Il est intéressant de noter que les investisseurs institutionnels sont également confrontés au thème de la discipline lorsque des préférences individuelles menacent de diluer un concept existant. Un family office notamment devrait opérer une séparation stricte entre le portefeuille géré selon des critères institutionnels et le portefeuille privé du propriétaire.

Profil de risque et produits selon l’humeur du moment

Au cours des dix dernières années, le régulateur a fait des efforts considérables pour protéger l’investisseur. Les conseillers en placement doivent établir méticuleusement le profil de risque de leurs clients et définir précisément, avant l’investissement, leurs besoins, leurs objectifs, leur capacité de risque, etc. Mais dans la pratique, ces profils de risque sont souvent vagues: les documents papier et les fichiers informatiques sont indulgents. Si une opportunité d’investissement intéressante se présente, le conseiller et le client sont trop prompts à passer de la «préservation du capital» à la «croissance». Les erreurs qui en résultent peuvent être très graves.
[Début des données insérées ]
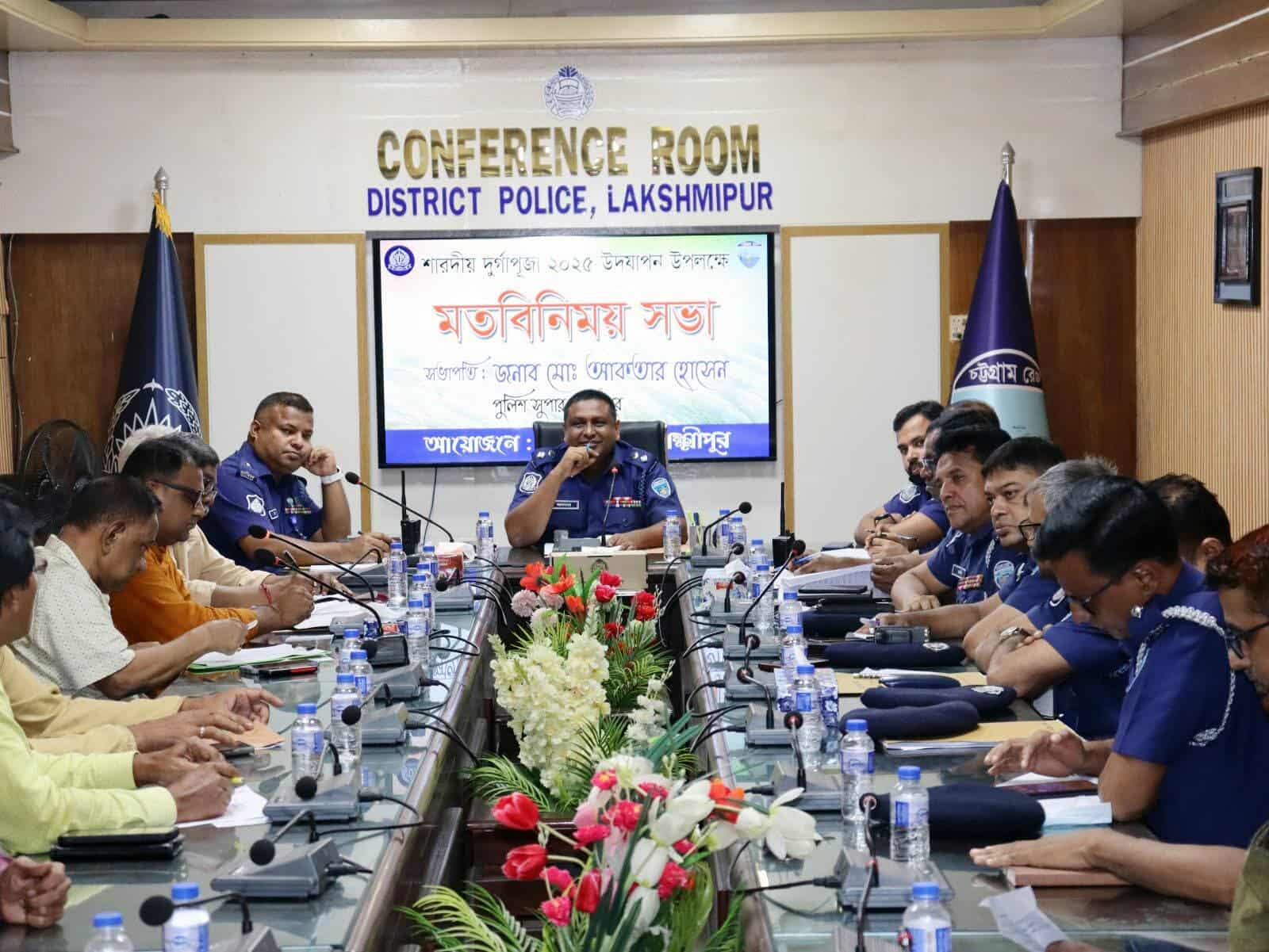 অদ্য ২২ সেপ্টেম্বর ২০২৫ খ্রি. তারিখ জেলা পুলিশ, লক্ষ্মীপুর কর্তৃক আয়োজিত শারদীয় দুর্গাপূজা ২০২৫ উদযাপন উপলক্ষে মতবিনিময় সভার আয়োজন করা হয়।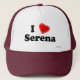 Eu amo Serena! É seu nome Serena? Você tem um marido, um namorado, um membro da família masculino ou um amigo do homem que você saiba amores você? Ou você tem uma esposa, um namorada, um membro da família fêmea ou um amigo fêmea nomeados Serena quem você ama profundamente? Em caso afirmativo, este "que eu amo" o chapéu é exatamente o presente que você está procurando! As características de design a letra "mim" na rotulação preta com um coração vermelho na parte superior e na "Serena" na rotulação preta na parte inferior.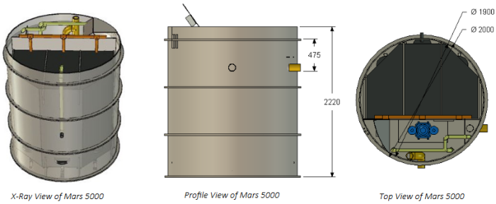 - In case of high ground water levels it is recommended to cast a buoyancy control concrete anchor around the bottom of the Mars plant.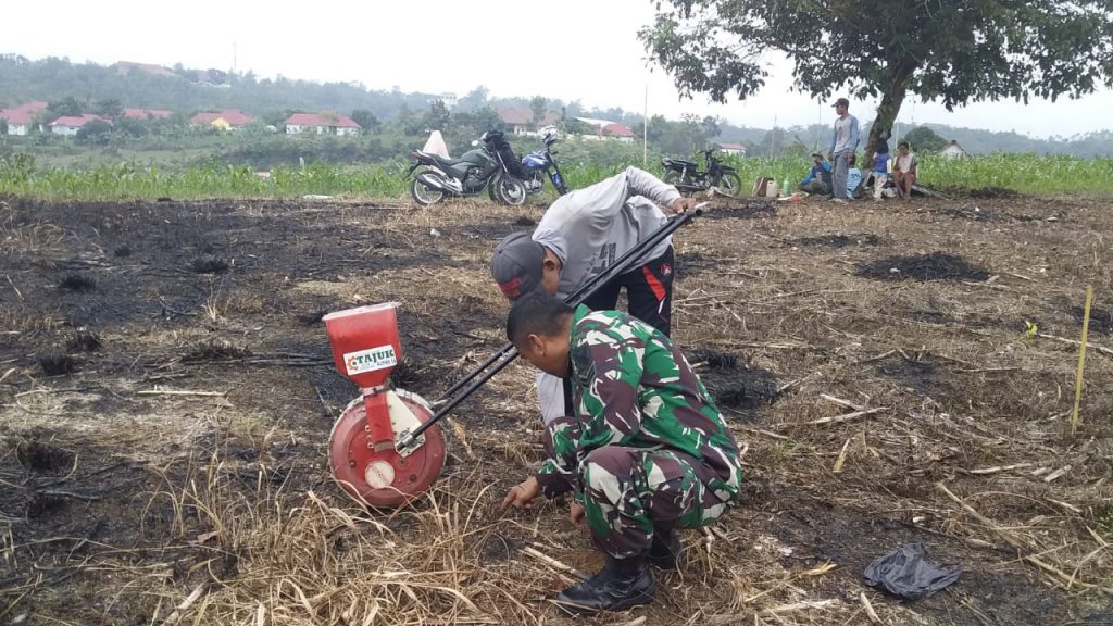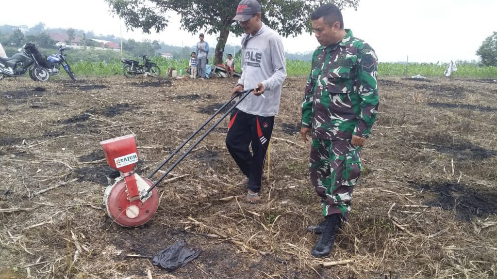 Babinsa Koramil 403-09/Muaradua Kisam Sertu Salahuddin Ali melaksanakan pendampingan kepada kelompok tani dalam menanam Jagung di desa Binaannya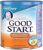 Nestle Good Start Gentle Plus Powder 12 oz Can GOOD START milk-based formulas are the first and only infant formulas that take the extra steps to create COMFORT PROTEINS. Our unique two-step process starts with gentle 100%% whey protein, the highest quality protein used in infant formula. Then, we break down this gentle whey protein ingredient into smaller pieces to be easy to digest. We call them COMFORT PROTEINS, and only GOOD START milk-based formulas have them. No other formulas take both these extra steps. GOOD START Gentle PLUS Powder Ingredients Whey Protein Concentrate (from Cow's Milk, Enzymatically Hydrolyzed, Reduced in Minerals), Vegetable Oils (Palm Olein, Soy, Coconut, and High-Oleic Safflower or High-Oleic Sunflower), Corn Maltodextrin, Lactose, Galacto-Oligosaccharides*, and less than 2%% of: Potassium Citrate, Potassium Phosphate, Calcium Chloride, Calcium Phosphate, Sodium Citrate, Magnesium Chloride, Ferrous Sulfate, Zinc Sulfate, Sodium Chloride, Copper Sulfate, Pot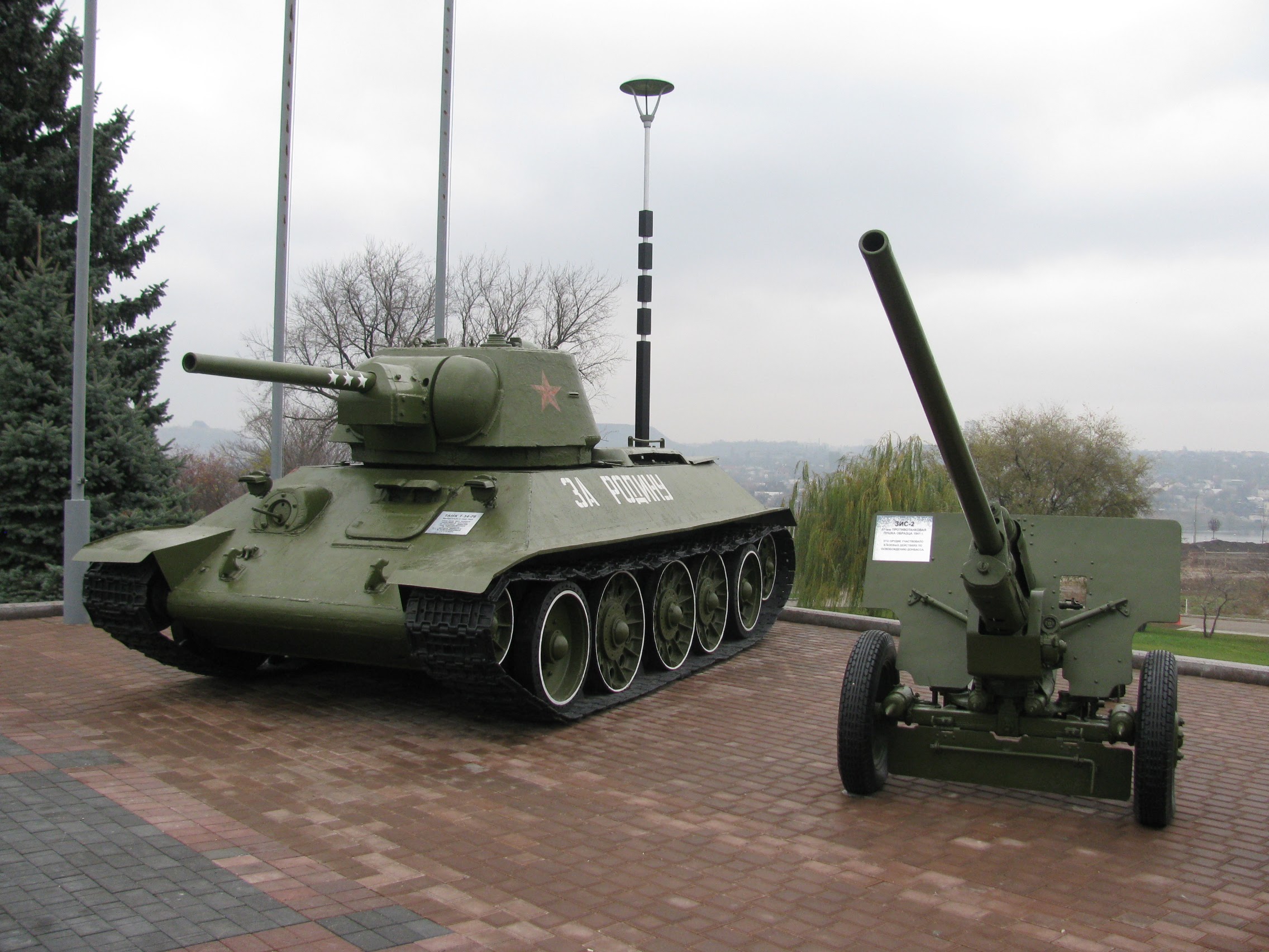 Характеристика: радянський середній танк періоду Другої світової війни, випускався серійно з 1940, був основним танком РСЧА до першої половини 1944, коли на зміну йому прийшов танк модифікації Т-34-85. Наймасовіший середній танк Другої світової війни. Танк Т-34 зробив величезний вплив на результат війни і на подальший розвиток світового танкобудування. Завдяки сукупності своїх бойових якостей Т-34 був визнаний багатьма фахівцями та військовими експертами одним з найкращих танків Другої світової війни. Танк Т-34 є найвідомішим радянським танком та одним із найбільш упізнаваних символів Другої світової війни. До теперішнього часу збереглася багато цих танків різних модифікацій у вигляді пам'ятників та музейних експонатів.
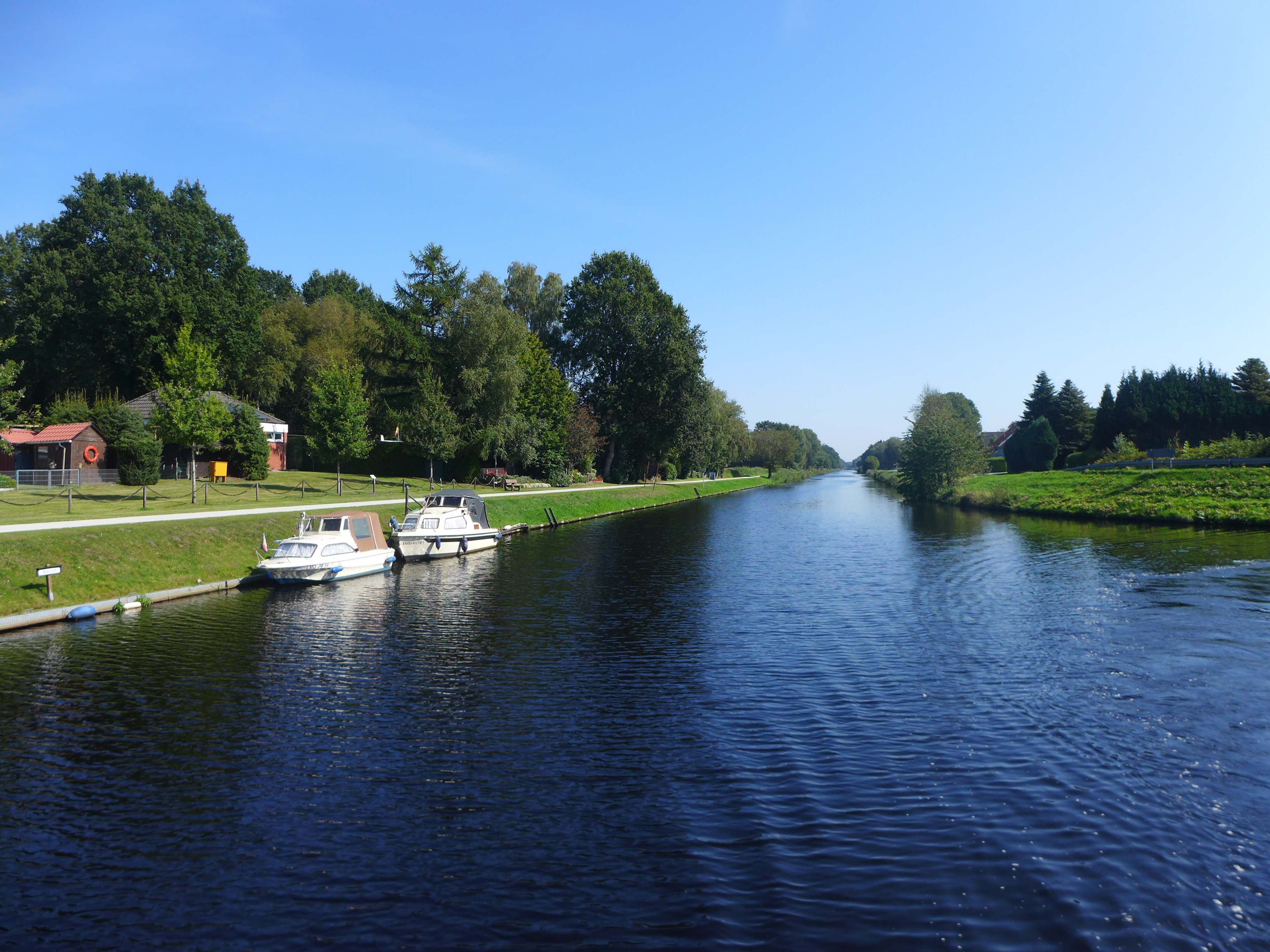 Der Nordgeorgsfehnkanal mündet in den Ems-Jade-Kanal. Dort kann man rechts nach Wilhelmshaven oder links nach Emden abbiegen. Wir wollen zuerst nach Aurich und dann nach Emden.

Les risques et coûts spécifiques aux placements nuisent grandement au rendement d’un portefeuille et pourtant, ils sont rarement pris suffisamment en compte. Il s’agit notamment des risques bien connus des actions ainsi que du risque de liquidité et du risque de contrepartie, mais également du taux de surfaces vacantes et des risques de taux d’intérêt dans l’immobilier. Certains investisseurs oublient que la détention physique de métaux précieux génère des coûts, ou alors ils prennent conscience trop tard du manque de transparence et de communication lors d’investissements en private equity.

De même, le profil de risque asymétrique mal compris d’un placement peut au fil du temps provoquer des déceptions.

L’investisseur discipliné qui connaît précisément les risques et les coûts encourus peut éviter la plupart des erreurs d’investissement et obtenir à moyen et long terme un rendement nettement plus élevé.


Utiliser le temps

Le secteur financier peut tirer parti du facteur temps mieux que toute autre branche. L’axe du temps sert de base au calcul des principaux indicateurs et l’effet des intérêts composés joue un rôle central dans la constitution de tout patrimoine. Cependant, la durée du placement et les intérêts composés ne déterminent pas seulement le rendement réel d’un placement, ces paramètres se font également sentir sur les coûts.

En effet, une durée de placement plus longue a un impact à la fois positif et négatif sur les coûts. Les frais initiaux d’entrée dans l’investissement peuvent être répartis sur une période plus longue et donc réduits proportionnellement au montant de l’investissement et aux rendements obtenus. En même temps, l’effet des intérêts composés joue également sur les frais et les coûts réels d’un investissement sont souvent sous-estimés.